Several ESMO initiatives highlight the need for closing the gap between fast cancer research and a lack of accessibility to treatments in the real world
The pace of change in oncology is breathtaking. As we celebrate the myriad advances presented at the ESMO Congress 2023, with many practice-changing results from clinical trials such as MARIPOSA and MARIPOSA2, ALINA, PSMAfore, EV-302/KEYNOTE-A39, much work still needs to be done to collectively improve outcomes for an increasing number of our patients as we ring in the next generation of personalised medicine in oncology.
Shortly before the event, results of a study led by colleagues at Memorial Sloan Kettering Cancer Center, New York, showed that almost half of oncology medicines approved since 1998 are precision therapies (Cancer Discov. 2023 Oct 18). This study represents a story of two tales: it illustrates how precision oncology therapies have emerged as a mainstay of current oncology care and also exposes important challenges.

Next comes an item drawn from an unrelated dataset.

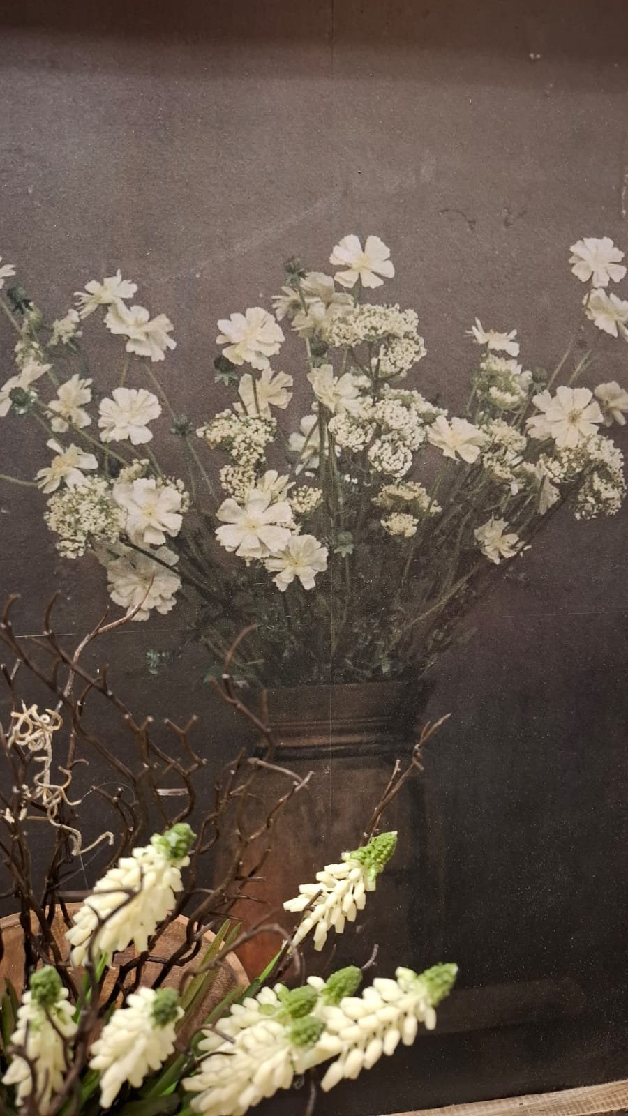 Breng rust en natuurlijke charme in je interieur met dit prachtige Schilderij Bloemen en houten lepel met houten frame XL. Dit kunstwerk straalt elegantie uit en voegt een vleugje landelijke sfeer toe aan elke ruimte. De zachte, neutrale tinten van de Bloemen contrasteren prachtig met de warme uitstraling van het houten frame, waardoor dit schilderij perfect past in zowel moderne als klassieke interieurs.

As an example, the study authors observed that, despite the dramatic growth in the field, there was a drop in approvals of precision oncology therapies from the Food and Drug Administration in 2021 and 2022. They suggest that this might indicate reaching the peak of single genomic biomarker-based precision medicine the way we know it today.
To move the field further forward, the authors point to an increased focus on the development of targeted treatments effective in patients whose tumours are driven by alterations in common tumour suppressor genes or transcription factors, as well as more selective and ‘kinder’ combinatorial strategies targeting multiple genomic alterations. Furthermore, novel diagnostic platforms and the incorporation of new “omics” technologies could also allow for the development of other types of precision oncology therapies.
While ESMO 2023 superbly represented the strong foundations for the next generation of precision oncology in a multitude of cancer types and disease settings, the cost of these agents can be extremely expensive. Not surprisingly, the degree of insurance coverage often influences whether a patient will receive them and precision medicine still remains inaccessible to many.
Dedicated to ensuring that an increasing number of patients everywhere can access and benefit from more effective and personalised treatments, ESMO and other professional societies are championing important changes at multi-stakeholder levels.
In addition to the Society’s commitment to working with EU policymakers on how best to ensure equitable access to transformative therapies entering clinical practice today, the ESMO Scale for Clinical Actionability of molecular Targets (ESCAT) and the ESMO-Magnitude of Clinical Benefit Scale (ESMO-MCBS) serve as support tools for reimbursement issues and will help to guide the shaping of future policies aimed at addressing access to oncology medicines across the EU and beyond.
These important undertakings will certainly help address a discrepancy between listening to groundbreaking presentations at the Congress, with many potentially practice-changing results, and returning to our clinics and seeing patients who would probably not be able to derive benefit from these advances in the short-term.
But it is not only a matter of equal access to, and affordability of, new anti-cancer medicines. There are many other aspects that we need to address, prepare for, and solve moving forward.
At the ESMO Congress this year, ESMO Director of Public Policy Jean-Yves Blay announced the ESMO’s Public Policy Manifesto on key issues for oncology, to be published early 2024. He highlighted new insights into potential cancer risks from air pollution and the need for mitigation strategies, and the role of cancer prevention in improving the resilience of Europe’s health systems.
What makes ESMO great is that it rightly places the current and future interests of both cancer patients and cancer survivors everywhere at the heart of everything it does. As do we all.